Since they already have relationships with black and Latino communities, DIS are uniquely positioned to help these populations that are also especially vulnerable to COVID-19. These communities tend to distrust the public health system (“often for very good reason,” Harvey says); they also tend to have higher rates of STDs, and are generally more at risk for all health disparities, including COVID-19.

The coalition has also been educating Congress about the needs of this crucial public health system, including at least $200 million toward the STD program at the CDC in order to support DIS in doing COVID-related work. The coalition is also pushing for $500 million to support STD clinics, so they can implement and ramp up COVID-19 testing. “STD clinics in the United States are a safety net provider. People come to these programs because they are often free and anonymous,” Harvey says. “So this is a system we know that can reach vulnerable Americans.”

At the same time, this shift in focus poses a risk for STD health care in the country. “Our field is no stranger to out of control epidemics, but now what has happened is that STD prevention and care have come to a screeching halt as people are in the process of being redeployed and focusing on COVID,” Harvey says. Social distancing and fewer resources—not to mention the fact that STD healthcare is an “already underfunded system,” per Harvey—creates a dilemma for how to treat STDs, which often require in-person treatments. “The STD system in America already doesn’t have the resources that it needs, and now we are attempting to play a really important, central role in COVID,” he says. “It means that we are seeing huge cracks in the system.”

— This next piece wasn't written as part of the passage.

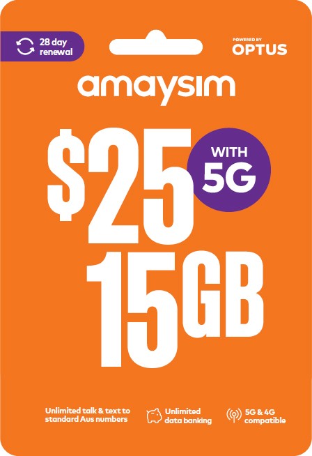 Terms and Fair Go policy apply. New services with 4G/5G compatible devices only. For use in Australia. Limit 5 per customer. 5G available in selected areas (excl. NT) with a compatible device and plan. See amaysim.com.au/about/coverage. eSIM requires a compatible device. Unlimited Data Banking applies while you stay on the same plan. See amaysim.com.au/international/calls for the full list of countries with unlimited talk and text.

Reassigning DIS workers to coronavirus contact tracing is a way to help the current pandemic come to a close more quickly, which could then also get that regular STD care back on track. But the National Coalition of STD Directors is going to need more support—both now, and for after the crisis, including new hires, adequate training for those new hires, and continued funding. “There’s going to be a lot that doesn’t happen in STD prevention and care as we respond to the more emergency situation of COVID, and so when this is over, we have a lot of pieces to pick up, and we’re going to need more resources to do it,” Harvey says.

Still, taking advantage of the DIS workforce in this pandemic is crucial to coronavirus recovery. Harvey says that the coalition isn’t completely opposed to the efforts by tech companies to create contact tracing apps that use geo-positioning data, “but it is important for the American public to understand that no app is going to be able to do the entire job here.” Those vulnerable populations, the ones contact tracing needs to reach most, may not have the latest smartphones or may not opt in to such systems anyway. Plus, apps don’t allow for the human-to-human interaction DIS excels at, which helps those specialists learn about what is really going on with infections in a local community.

“We are not the shiny new object,” Harvey says. “We are the tried and true boots-on-the-ground public health system that has worked in this country for over 40 years. And it’s so frustrating to see this conversation dominated by tech companies that are worth billions of dollars. I’d like to see the tech companies ante up to social responsibility here and support this existing public health system by supporting this workforce.”